In FUSE, teachers like Benge and Poore act as facilitators, helping to guide the process of exploration and discovery by encouraging students to problem solve, take risks, try and try again, be creative and learn with and from their peers. Because students work on challenges in a different order and at different paces, they develop unique expertise that they share with their peers. Students become leaders, peer mentors and experts in various STEAM-related tools and practices.
“That’s the dream for me, is to not even have to intervene or come over and say, ‘I know how to do it, let me show you how to do it,’” said Benge. “I don’t need to be the keeper of the knowledge. The students have all of the tools.”
The biggest difference is that the students are the ones driving their learning, says Benge, and that they do not need to wait for the teacher to tell them what they’re doing that day, and they don’t need to wait for an instructor to lead them through a certain activity.
“They can come in and know what to do to get started, and all of the tools are at their disposal without needing to wait for an instructor or teacher to come around.”
Students in FUSE have access to a diverse suite of challenges. They choose who to work with and whether they work alone or collaboratively. This choice and interest-centered environment helps all students find challenges which inspire learning and engagement.
“I really like the fact that we can have our work be completely unique,” said the student. “The whole creation process, you can follow the guidelines and do what the tutorials ask you to do, but once you have the tools from that, you have the ability to really expand and make whatever it is you want to make.”

FUSE Studio at Eagle Rock School and Professional Development Center
Each challenge is a carefully designed educational activity composed of levels in increasing difficulty. Each challenge is based in a STEAM topic and designed to appeal to students’ personal, non-STEAM interests. The leveled structure of FUSE challenges allows for personalized learning. The early levels hook students and provide early success, while more advanced tasks in later levels build confidence and ability.
“Level one is a whet the appetite kind of level, which gets students started with something easier, so they can see where they might go with the later levels, but it’s getting them to have that first success,” said Poore. “The next levels get more and more complicated, and they get to see newer and different successes and feel themselves moving toward that goal while also building the skills that they’re going to need to get there.”
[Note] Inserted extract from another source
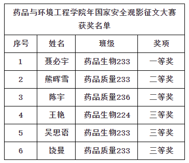 为了引导学生关注国家安全问题,强化学生国家安全意识,提高学生的写作能力,思辨能力以及国家安全素养。药品与环境工程学院组织学生观看了国家安全主题影片《万里归途》,并撰写国家安全主题征文,引导学生主动运用所学知识分析国家安全问题。根据比赛作品征集通知,征集工作受到了学院学生的积极响应,共收到应征作品17篇。遵循公开、公平、公正的原则,经过参赛作品收集、评审,现将获奖名单进行公示如下:

The increase in difficulty sometimes leads students to not complete all the steps within a challenge. Many people may deem this a ‘F’ if they were grading a paper or filling out a report card, but the “F word” in question here – failure – is very rarely used, if ever, in a FUSE studio. That’s because in FUSE, failure is just another try.
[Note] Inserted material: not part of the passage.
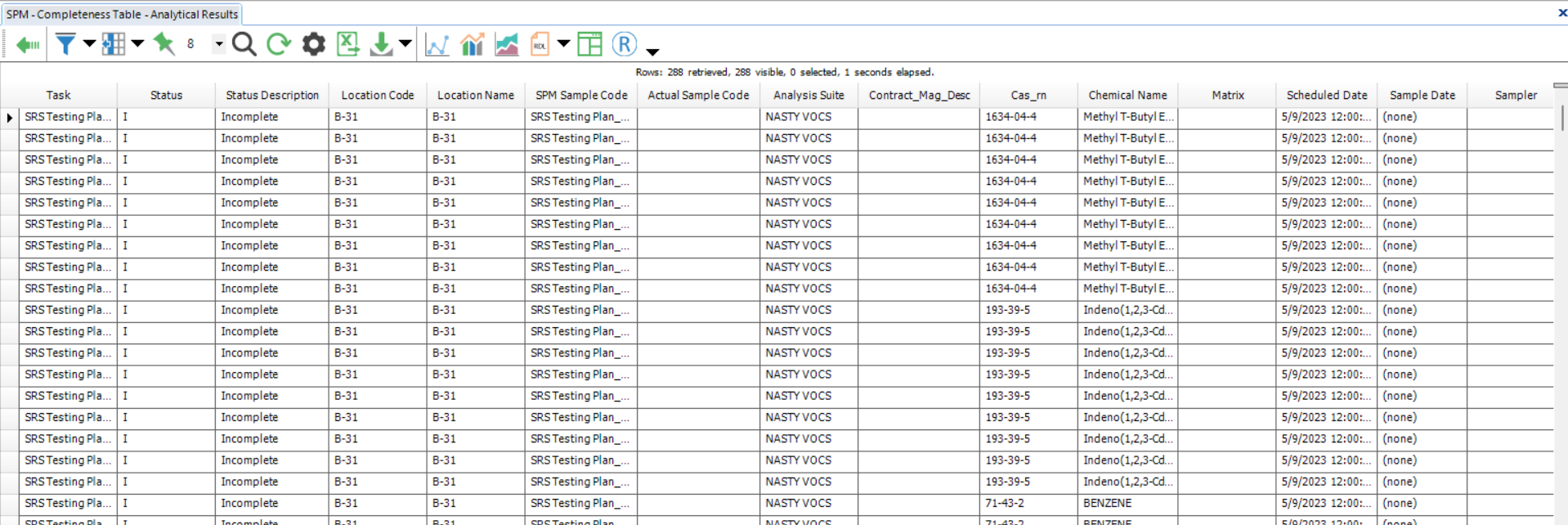 Description: The SPM - Completeness Table - Analytical Results report gives a comparison between analytical and field results that had been scheduled to occur and the data that has been received in the EQuIS data tables. The report grid has a Status column to show complete and incomplete tasks. This report is intended to generate a grid output to be used in Enterprise and Microsoft Power BI Dashboards.

According to Benge, it’s important for the student to determine what ‘done’ is for them on a certain challenge. She offered her personal philosophy, saying, “I don’t think a done point requires them to have accomplished a set amount of challenges or a set amount of levels. It is up to them, and they have that challenge by choice and freedom to move through the levels at their own pace. We work with them on setting goals, but goals aren’t often centered around achievement of levels. It’s achievement of problem solving, or asking for support, so I think those are more of the things we work with them on in FUSE.”
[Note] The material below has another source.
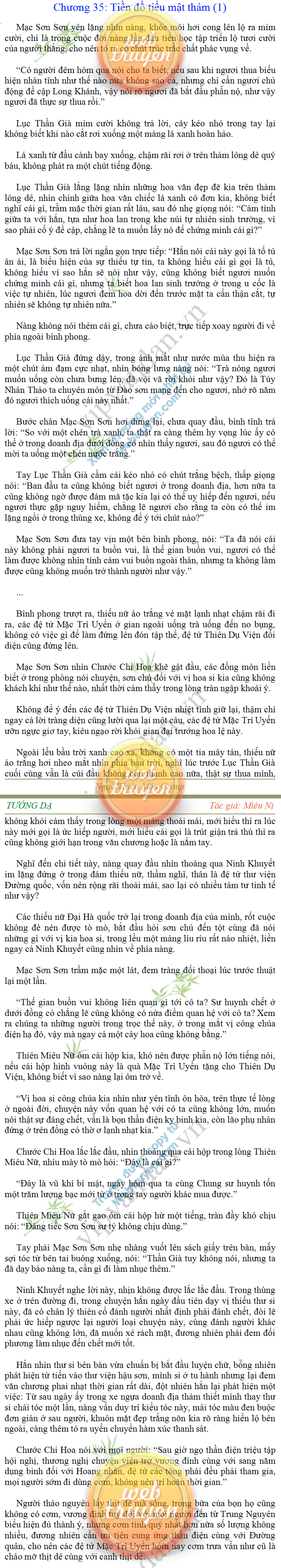 Tướng DạTruyện Converter, Truyện Huyền Huyễn, Truyện Kiếm Hiệp, Truyện Tiên HiệpTrên hoang nguyên trống trải bỗng xuất hiện ba người, cả ba đều không hẹn mà dừng chân dưới một thân cây còi cọc hiếm hoi, bọn họ không ai lên tiếng, chỉ im lặng cúi đầu nhìn xuống, tựa như dưới gốc cây có thứ gì đó rất thú vị, rất đáng để nghiên cứu và nghiền ngẫm. Hai đàn kiến vây kín quanh rễ cây màu nâu lộ ra trên mặt đất lạnh cóng tiến hành chiến tranh giành lãnh thổ, có lẽ vì trên mảnh hoang nguyên cằn cỗi vắng vẻ này chiếc rễ cây là một nơi trú ẩn tuyệt vời có một không hai nên trận chiến diễn ra hết sức khốc liệt, chỉ sau một lúc vài nghìn con kiến đã biến thành thi thể. Máu tanh là thế, nhưng thực tế trong mắt con người, vài nghìn xác kiến cũng chỉ là một mảng đen đen nhỏ xíu.Khí trời vẫn rất lạnh lẽo nhưng ba người đứng đó y phục lại khá mỏng manh, hình như họ không biết sợ lạnh là gì, cứ đứng bất động chăm chú quan sát. Không biết qua bao nhiêu lâu, bỗng một giọng khe khẽ cất lên:- Nước kiến nơi thế tục, đại đạo ra sao?Người vừa lên tiếng là một thiếu niên mặt mũi sáng sủa… *Chương này có nội dung ảnh, nếu bạn không thấy nội dung chương, vui lòng bật chế độ hiện hình ảnh của trình duyệt để đọc.

“My favorite thing about FUSE is watching students find the challenge that sparks their excitement and curiously. Sometimes that takes a bit, but it’s cool to see them work through challenges and really stay focused on something that maybe they haven’t done in the past. I do think that students surprise themselves, but I think that it’s not necessarily exclusive to the FUSE labs. I think that students do that in their lives everywhere all the time.”